Unforgiveness is not just bad for your soul, but also for your body.
We’ve all been deeply hurt in some way—a betrayal by a spouse, a behind-your-back criticism from a friend, hateful judgment from someone at church, a false accusation by a co-worker, unfair treatment by a boss or a parent. And the deeper the hurt, the harder it is and the longer it takes us to forgive. But sometimes we simply don’t forgive. We harbor a grudge. Resentment builds in our hearts. We nurse the offense. As a result, we remain prisoner to our pain and we harm our brain.
When someone hurts us, it’s natural and normal to feel pain. God created our brains to help us survive when we feel threatened. It’s called the fight-flight-freeze response generated in our emotional centers, primarily mediated by two almond shaped clusters of brain cells called the amygdalae.
When the amygdalae are activated, a series of biochemical processes begin. The adrenal glands that lie on top of our kidneys release the stress hormone cortisol into our bodies and the brain releases neurotransmitters into the brain. Those in turn activate part of our nervous system called the sympathetic nervous system. When this system is activated, among other things, our attention gets highly focused on survival, our digestive system stops, our pupils dilate, our saliva glands slow, our blood pressure and heart rate increases, and our muscles are readied for action. Our body prepares itself to fight, flee or freeze.
This process can happen whether or not we are in real danger or whether or not someone really hurts us or we simply perceive that they did.
Unforgiveness can keep our bodies and brains in this state of high alertness and leads to these unhealthy results:
Rumination: We nurse and rehearse the hurt which reinforces our negative emotions and burns the event and pain even deeper into our neuropathways. When we’re not focused on a task, our inner self-talk will often default to rehearsing the painful situation.
Diminished Memory: When we remain stressed for longs periods of time (i.e., we refuse to forgive), cortisol actually causes our brain to atrophy, especially our memory center called the hippocampus.
Amplified Negative Emotions: Prolonged stress also amplifies our amygdalae’s sensitivity making us even more susceptible to further hurt and pain.
Schadenfreude: This concept describes the secret pleasure we feel when we see those who have hurt us experience misfortune themselves. It actually causes our brain to produce the pleasure neurotransmitter dopamine. It actually feels good to see bad things happen to those we don’t forgive. It’s the opposite of praying for your enemies, which Jesus commanded us to do. So, unforgiveness not only keeps us chained to our offender, but it profoundly affects our bodies and brains.
So what can we do? Consider these insights to forgive those who have hurt you.
1. First, admit the pain. When we name a painful emotion (not stuffing or rehearsing it) we actually decrease that negative emotion’s intensity.
2. Journal. Processing our pain through writing it down can lessen the pain and help us gain better perspective. However, don’t let journaling become another way to rehearse and reinforce your pain. Through journaling seek to gain God’s perspective and healing.

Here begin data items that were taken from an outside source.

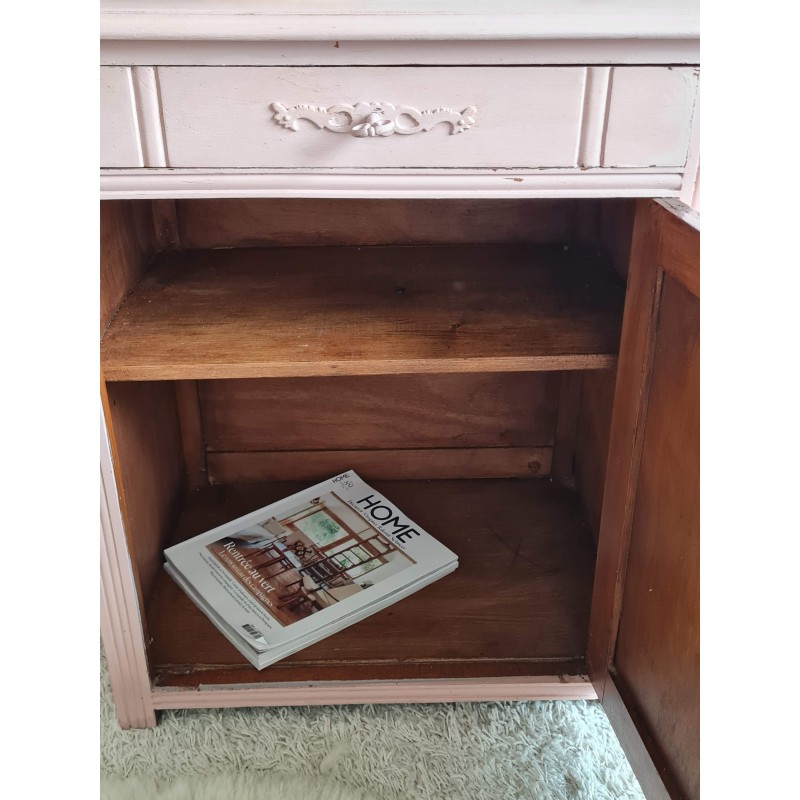 Charmant confiturier art déco, repeint en vieux rose par son ancienne propriétaire. Très bohème chic. Des petites imperfections visibles sur les photos. A noter la porte nécessite une légère impulsion vers le haut à l'ouverture, idem vers le bas à la fermeture. Stable. Pièce unique. Très chic et intemporel.
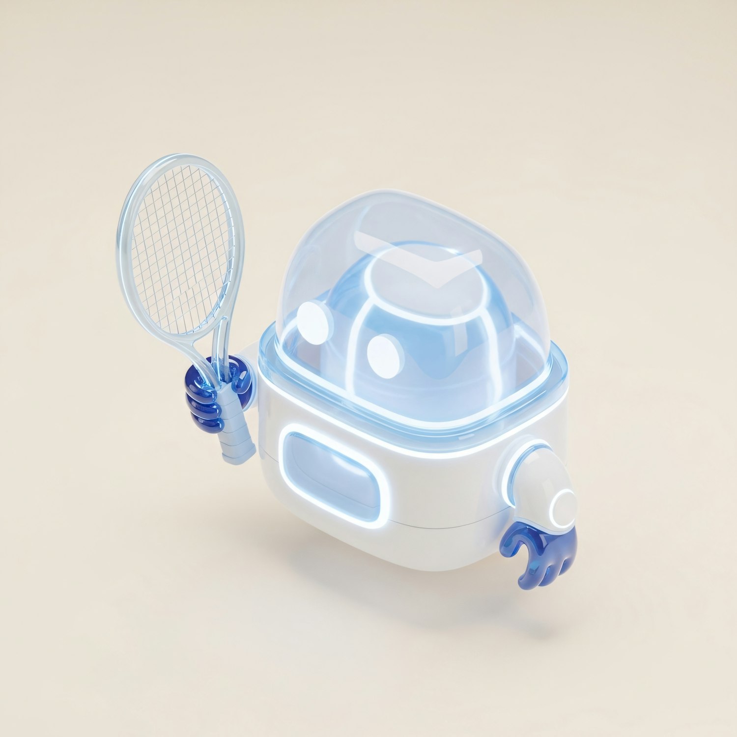 A futuristic 3D robot with a transparent dome head and a tennis racket, set against a neutral background.
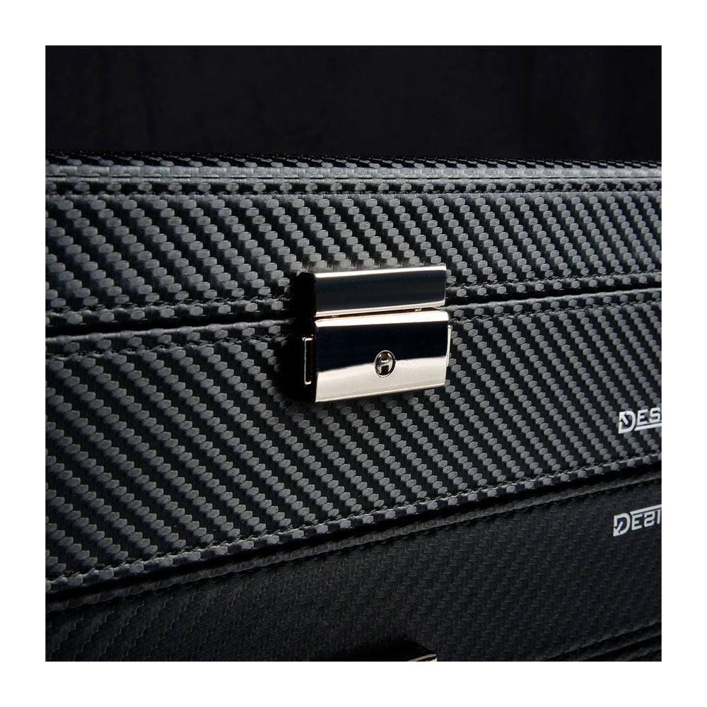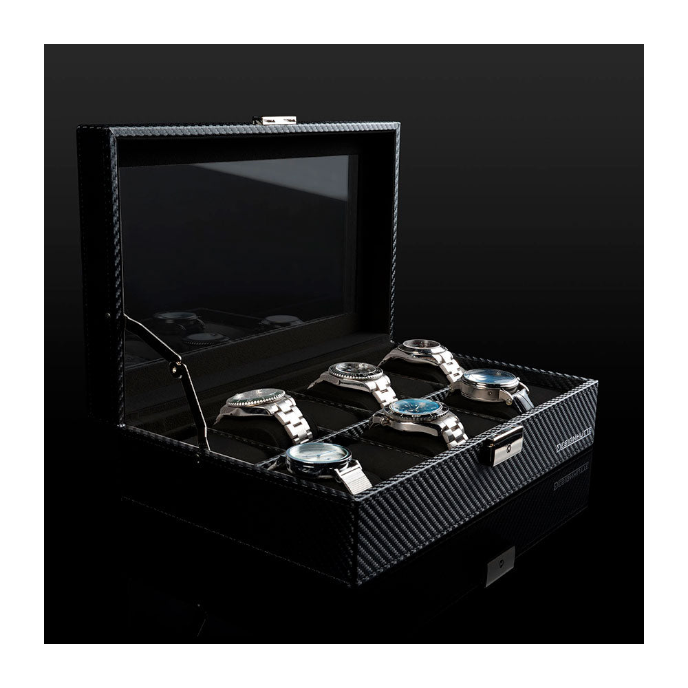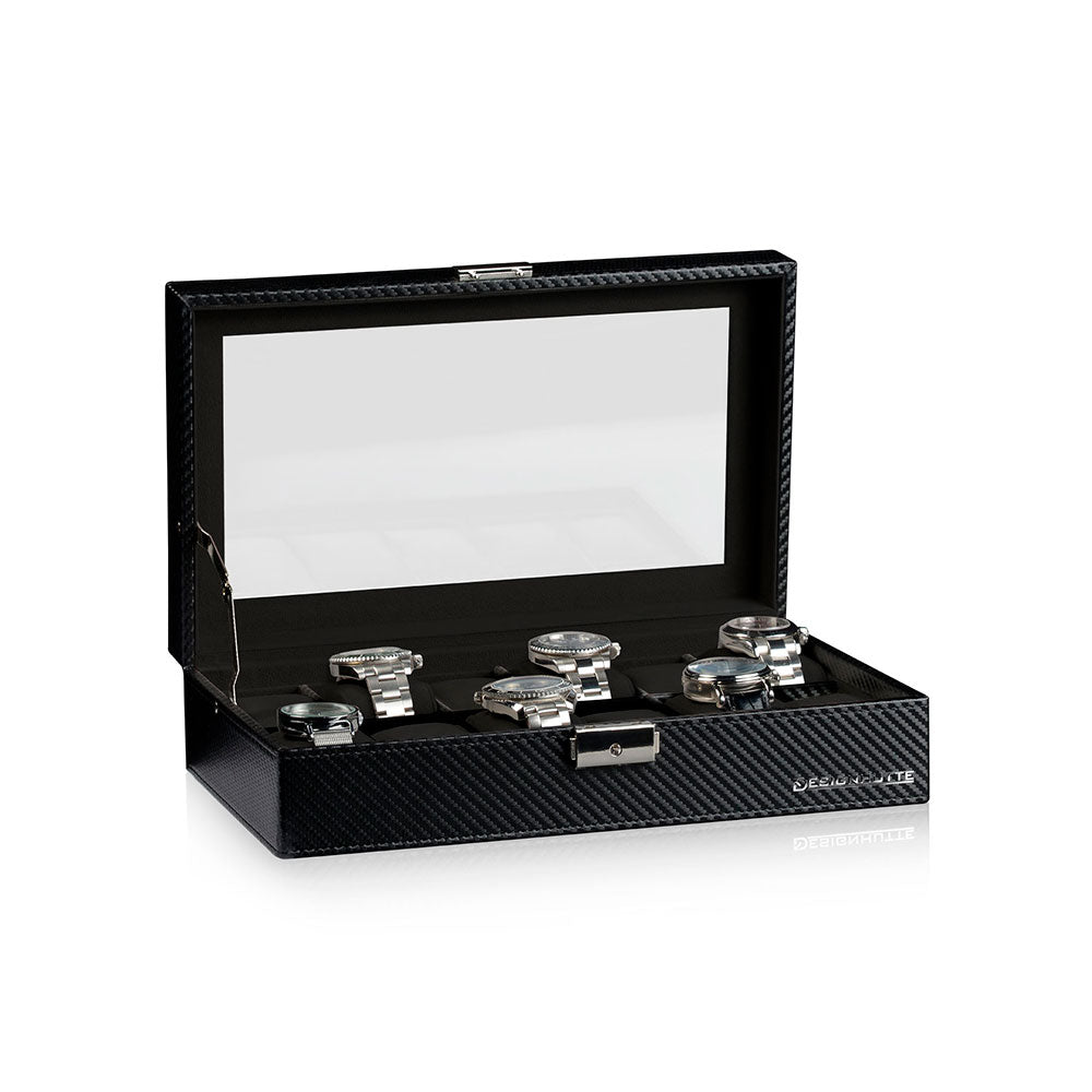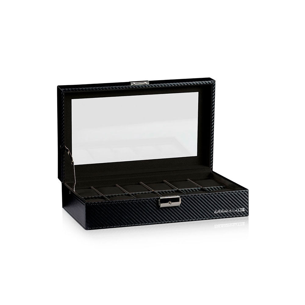 Saksalaisen Designhutten nuorekas kellolaatikko 12 kellolle. Sisusta on vuorattu samettisella, mustalla kankaalla. Boksi on varustettu katseluikkunalla, sinulle tärkeät aikaraudat ovat siis koko ajan nähtävillä!| Tuotetyyppi | Kellolaatikko |
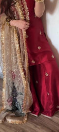 SHARARA : Fully stitched and fully flared sharara with zardozi and cut daana.
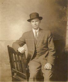 A serious young man (Will Airey) dressed in a business suit with a vest, a narrow tie, and a felt hat, is sitting on the arm of a wooden chair supporting himself by his right hand on the back of the chair. To his right on the wall there appears to be the reflection of a flash camera, as in a photographer's studio. The photograph has been made into postcard.Collection
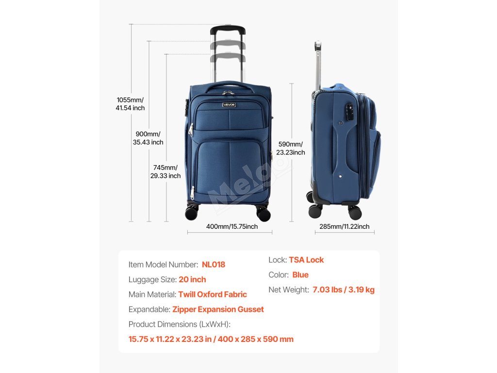 Měkký kufr 20 inch / 50.8 cm, rozšiřitelný, 4 kolečka, TSA zámek
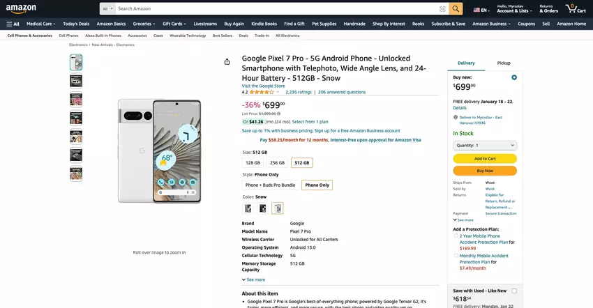 Prijs als Black Friday: de Pixel 7 Pro met 512 GB opslagruimte kan worden gekocht op Amazon voor een gereduceerde prijs van $400
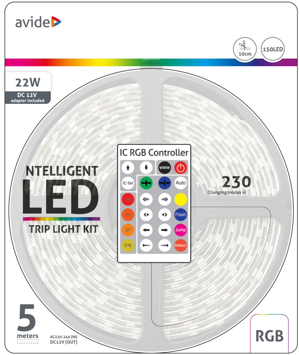 7,2W RGB IP65 LED szalag bliszter cimezhető 5M Avide
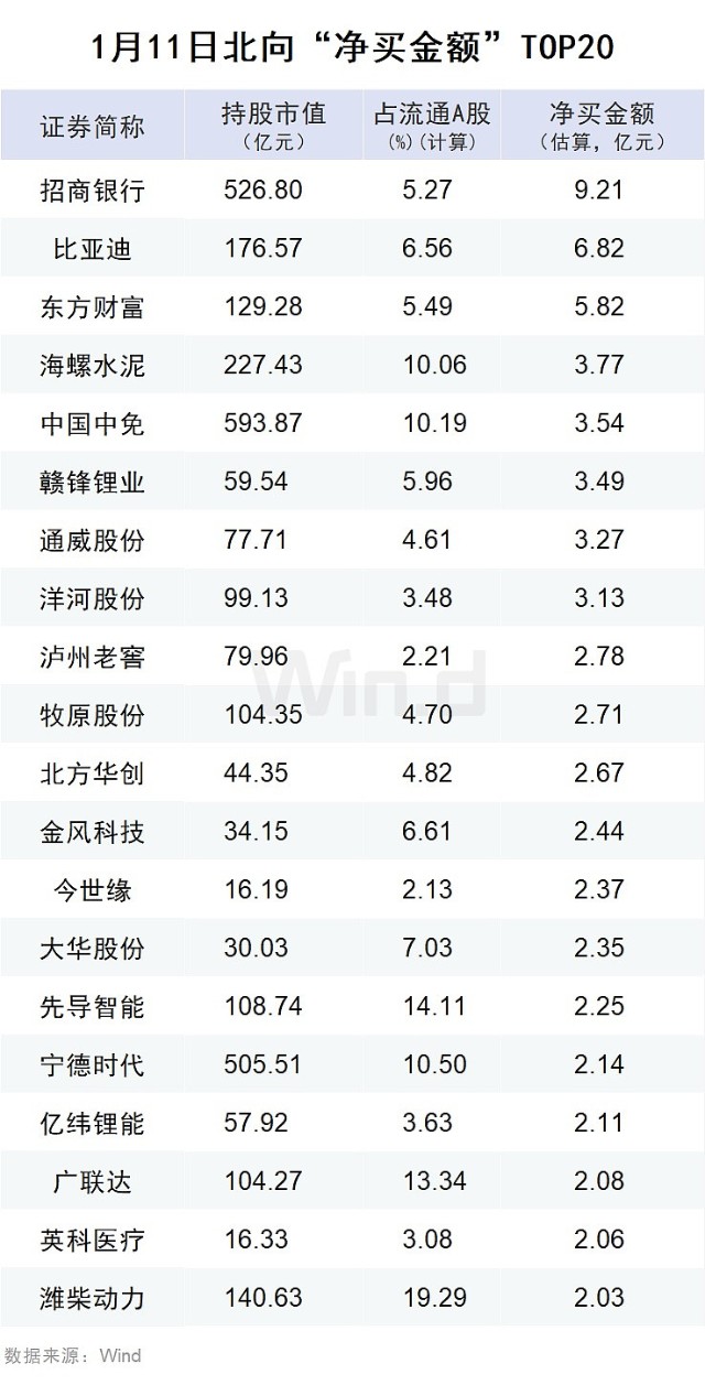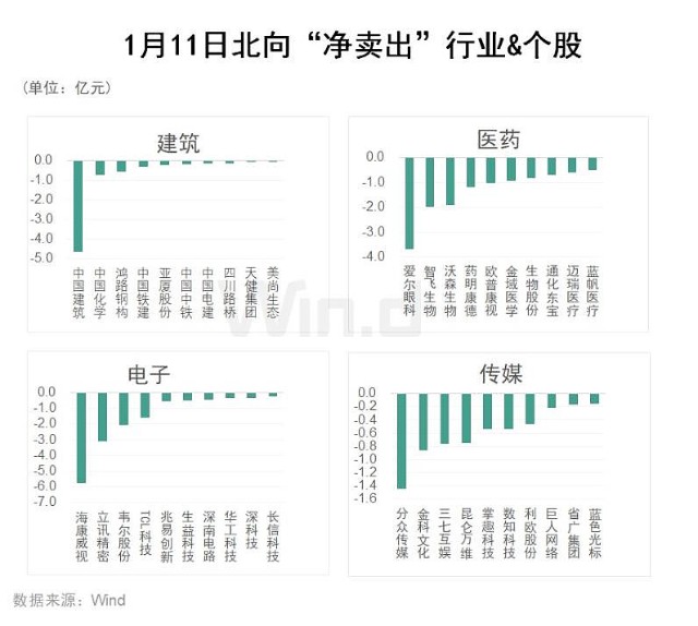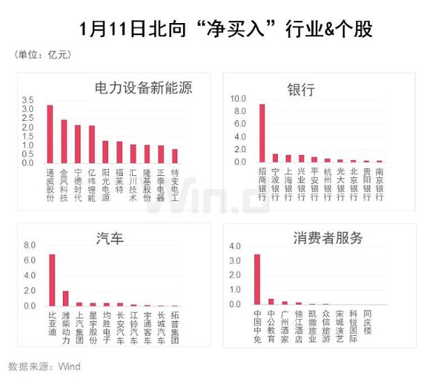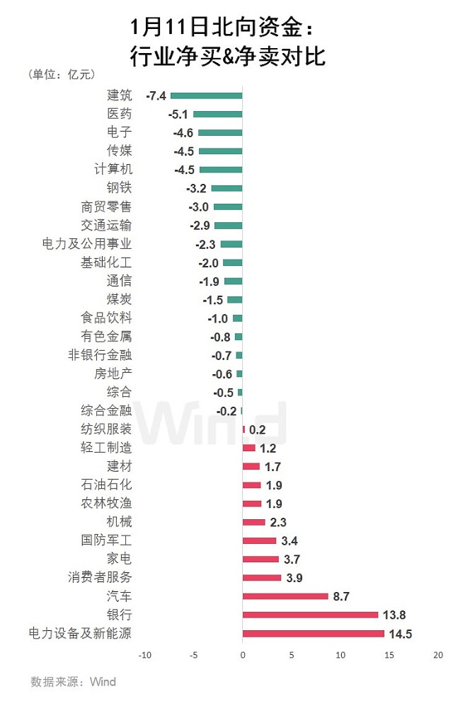 Wind通过统计分析发现,从行业角度来观察,1月11日,北向资金净买入金额靠前的行业:电力设备新能源、银行、汽车、消费者服务、家电;净卖出金额靠前的行业有建筑、医药、电子、传媒、计算机。
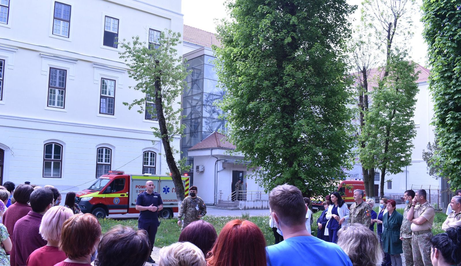 Pompierii militari ai Inspectoratului pentru Situații de Urgență “Cpt. Dumitru Croitoru” al Județului Sibiu au desfășurat un exercițiu la Spitalul Militar de Urgență ”Dr. Alexandru Augustin” Sibiu. Scenariul stabilit a fost stingerea unui incendiu izbucnit la etajul II al spitalului, unde se afla Secția Medicină Internă, în care au fost surprinse două persoane.
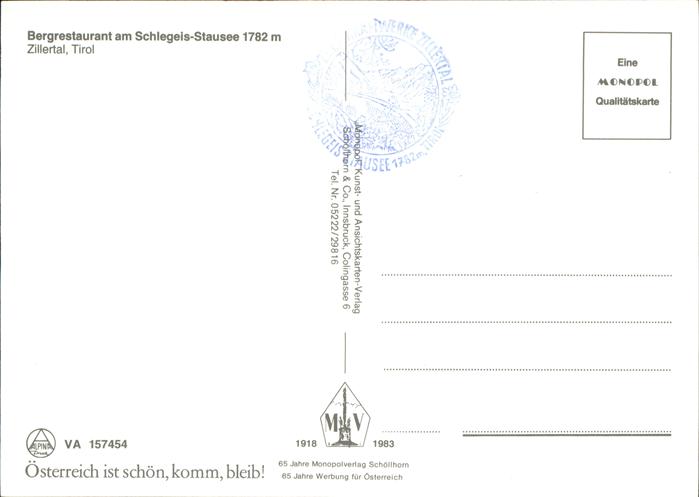 71419971 Zillertal Tirol Bergrestaurant am Schlegels-Stausee KatCode 22440000005700
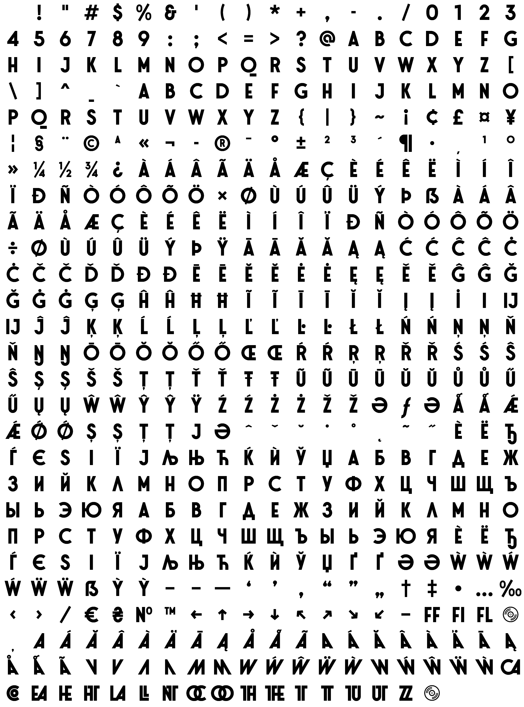 Due to the nature of thumbs' generation process, some of the glyphs in the glyph map may appear cropped.
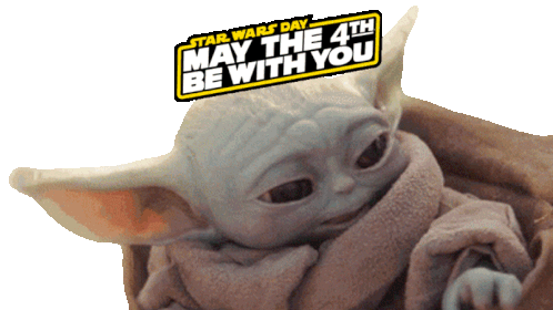 Grogu, also known as Baby Yoda, celebrates Star Wars Day with the iconic phrase 'May The 4th Be With You' displayed above him.
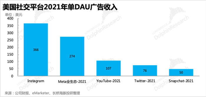 2)Snap则不仅是年轻用户多,而且整体规模也明显比Meta、TikTok低得多,因此单DAU对应的广告收入就更没有优势了。
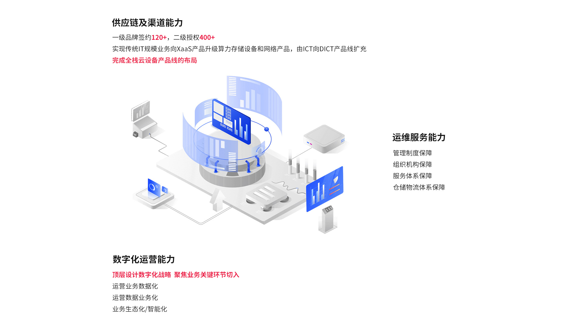 以云計算設備為主,面向京東、天貓等大型電商平臺提供泛ICT產品及服務,為全國數千家核心經銷商、下游渠道商、中小企業提供通路產品。
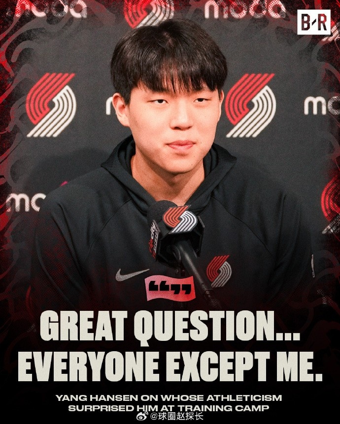 10月4日讯 媒体人球权赵探长转发了美媒制作杨瀚森言论的海报,并写道:杨瀚森讲过的话还蛮受关注,已经不止一条被美媒做成海报了,最新的一张是BR给出的。记者问他对训练营里哪名队友的天赋印象深刻,小杨说“除了我,都能跑能跳”。
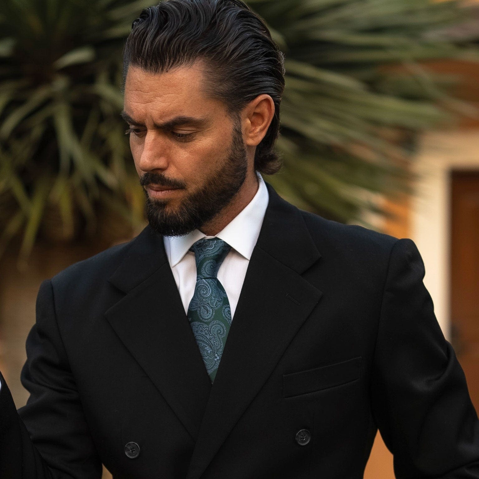 This tie captures that timeless elegance and refinement. Handcrafted in Italy from the finest silk in bottle green and silvery shades of blue, it adds a touch of sophistication to any outfit, a testament to your impeccable taste and appreciation for the finer things in life.
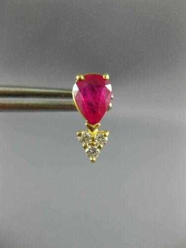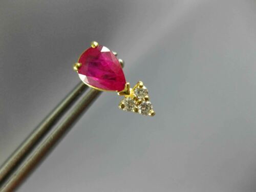 ESTATE 14KT YELLOW GOLD STUD EARRINGS. 3D CLASSIC DESIGN. DIAMONDS ARE F/G COLOR, VVS-VS CLARITY .45 CARATS. AAA PEAR SHAPE RUBIES ARE 1.47 CARATS. MEASURES 12MM WIDE. WRITTEN APPRAISAL AVAILABLE. COMES IN A PRESENTABLE GIFT BOX.
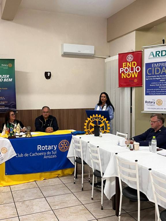 No dia 23 de setembro aconteceu a Assembleia e visita oficial da Governadora Carmen Calvette Brancher do Distrito 4780, ano Rotário 2025-26 ao Rotary Club de Cachoeira do Sul Arrozais. Foi um momento muito especial onde foram apresentadas as ações e projetos do Clube, evidenciando o comprometimento de cada associado. Durante a visita teve posse de mais um integrante do Rotary Kids de Cachoeira do Sul, entrega de doações para a Fundação Rotária, entrega de Título Paul Harris a associada Helenara da Rosa, homenagens, falas da Presidente Vera Paixão e da Governadora Carmen, encerrando com companheirismo. Durante o dia a Governadora também visitou a comunidade onde foi instalada a cozinha industrial do Projeto Global Confeitando o Futuro.
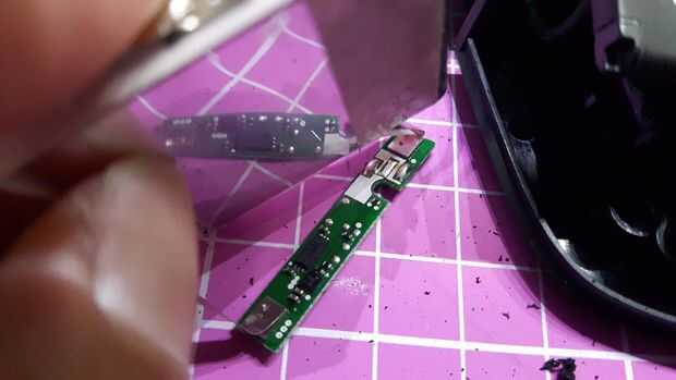 Ya en esta foto, los 3 puntos de soldadura en el tablero del IC es donde estaba el cable.

3. Begin to choose to forgive the person. Notice that I used the word “begin.” Some offenses can be quickly forgiven. Some may take a long time to fully forgive. Forgiveness is a process. The deeper the pain, the longer it takes. It’s not so much forgive and forget. Rather, true forgiveness is more like remembering it less and less.
4. Draw deeply from God’s grace. At the root of the Christian faith lies grace, receiving God’s grace and extending it to others who have hurt us.
The Apostle Paul reminded us in Colossians 3:13 to forgive others as Jesus has forgiven us:
“Bear with each other and forgive whatever grievances you may have against one another. Forgive as the Lord forgave you.”